**TASK:** Each entry below should be restated word for word, without any picture it contains.

**DATA EXTRACT:**
==*==
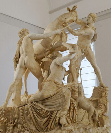 Muchos mitos son conocidos sobre todo gracias a las obras de arte. Una muy famosa representa el castigo de Dirce; es, para nosotros, la imagen por excelencia de este mito (Figura 1). Pero ese enorme grupo escultórico es llamado el “Toro Farnesio”, y a veces nos contentamos con los nombres sin preguntarnos por el contenido.
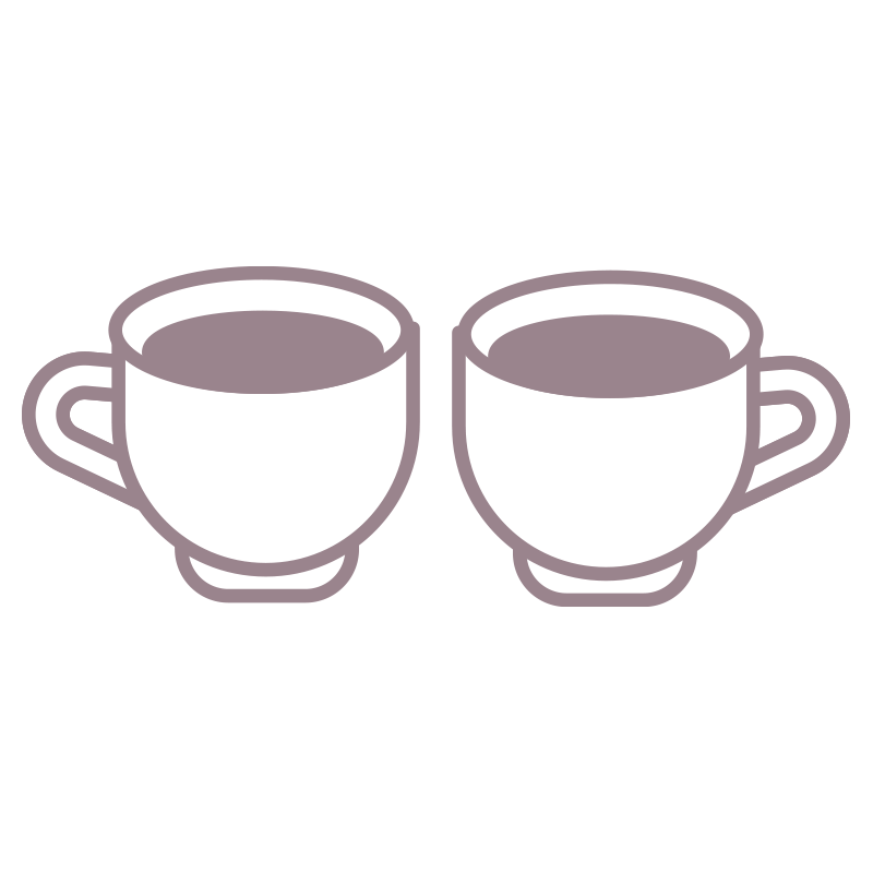 ペアカップを描いた、手書き風の温かみがあるカラーアイコンです。優しいタッチのイラストで、背
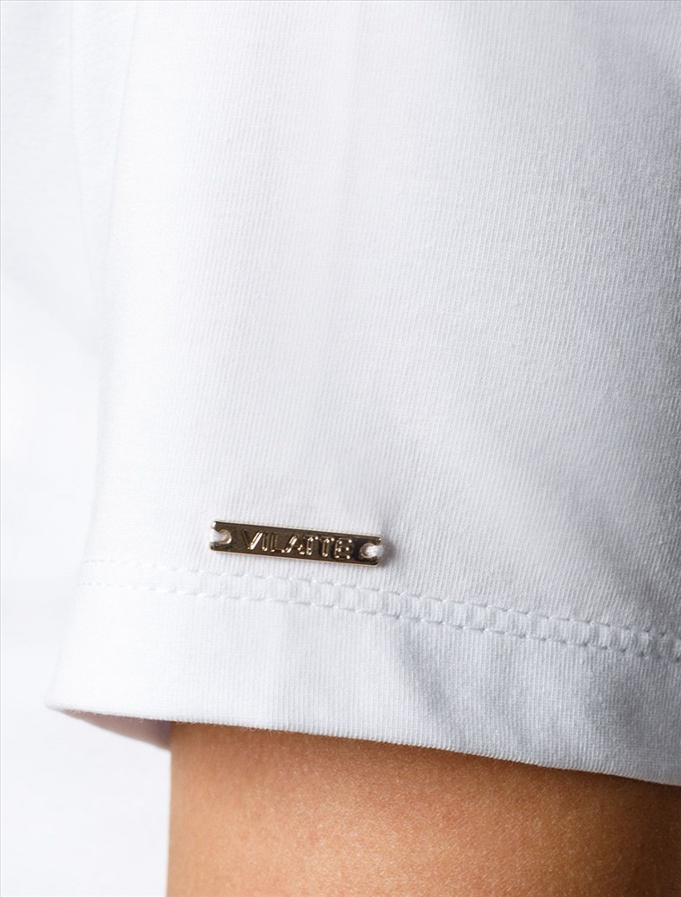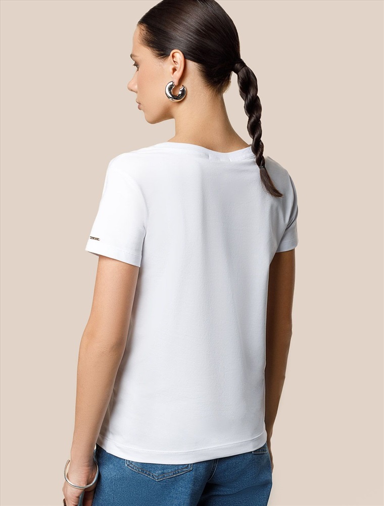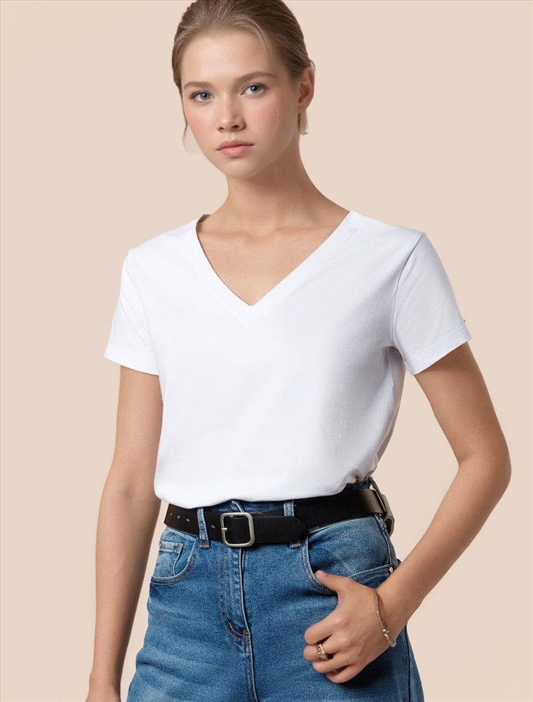 Однотонная футболка с V-образным вырезом выполнена из премиального хлопка. Добавление эластана в состав изделия способствует формоустойчивости. Самое высокое качество длинноволокнистых хлопковых волокон обеспечивает комфорт в любое время года.Универсальная базовая будет уместна не только в повседневном образе с денимом, но и в офисе с нестрогим дресс-кодом, в паре с брюками и жакетом.
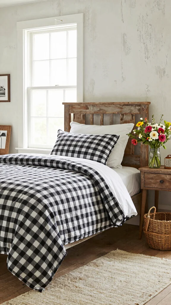 What are the best ways to style black and white gingham bedding in a rustic farmhouse bedroom?
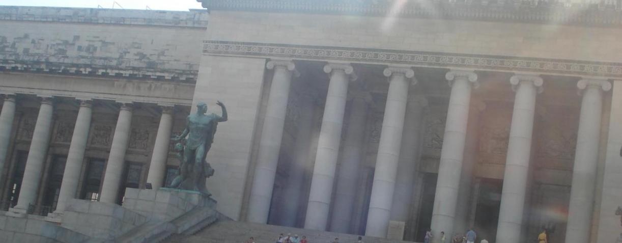 Чтобы территория не была скучной, вокруг здания разбили ландшафтные сады. Кстати, над их созданием трудился французский специалист. У центрального входа поставили 6 дорических колонн и 2 скульптуры итальянского мастера Занетти, которые символизируют Работу и Хранителя Добродетели. Вход в само здание оборудован 3 бронзовыми дверями, на которых сделаны барельефные украшения на исторические сюжеты. Их, между прочим, тоже создавал Занетти. Только на одних дверях можно увидеть становление страны от момента, когда Колумб открыл Новый свет и до того времени, когда начали строить здание. Очень интересная задумка.
==*==
**PROBLEM SOLUTION:**
 Muchos mitos son conocidos sobre todo gracias a las obras de arte. Una muy famosa representa el castigo de Dirce; es, para nosotros, la imagen por excelencia de este mito (Figura 1). Pero ese enorme grupo escultórico es llamado el “Toro Farnesio”, y a veces nos contentamos con los nombres sin preguntarnos por el contenido.
 ペアカップを描いた、手書き風の温かみがあるカラーアイコンです。優しいタッチのイラストで、背
 Однотонная футболка с V-образным вырезом выполнена из премиального хлопка. Добавление эластана в состав изделия способствует формоустойчивости. Самое высокое качество длинноволокнистых хлопковых волокон обеспечивает комфорт в любое время года.Универсальная базовая будет уместна не только в повседневном образе с денимом, но и в офисе с нестрогим дресс-кодом, в паре с брюками и жакетом.
 What are the best ways to style black and white gingham bedding in a rustic farmhouse bedroom?
 Чтобы территория не была скучной, вокруг здания разбили ландшафтные сады. Кстати, над их созданием трудился французский специалист. У центрального входа поставили 6 дорических колонн и 2 скульптуры итальянского мастера Занетти, которые символизируют Работу и Хранителя Добродетели. Вход в само здание оборудован 3 бронзовыми дверями, на которых сделаны барельефные украшения на исторические сюжеты. Их, между прочим, тоже создавал Занетти. Только на одних дверях можно увидеть становление страны от момента, когда Колумб открыл Новый свет и до того времени, когда начали строить здание. Очень интересная задумка.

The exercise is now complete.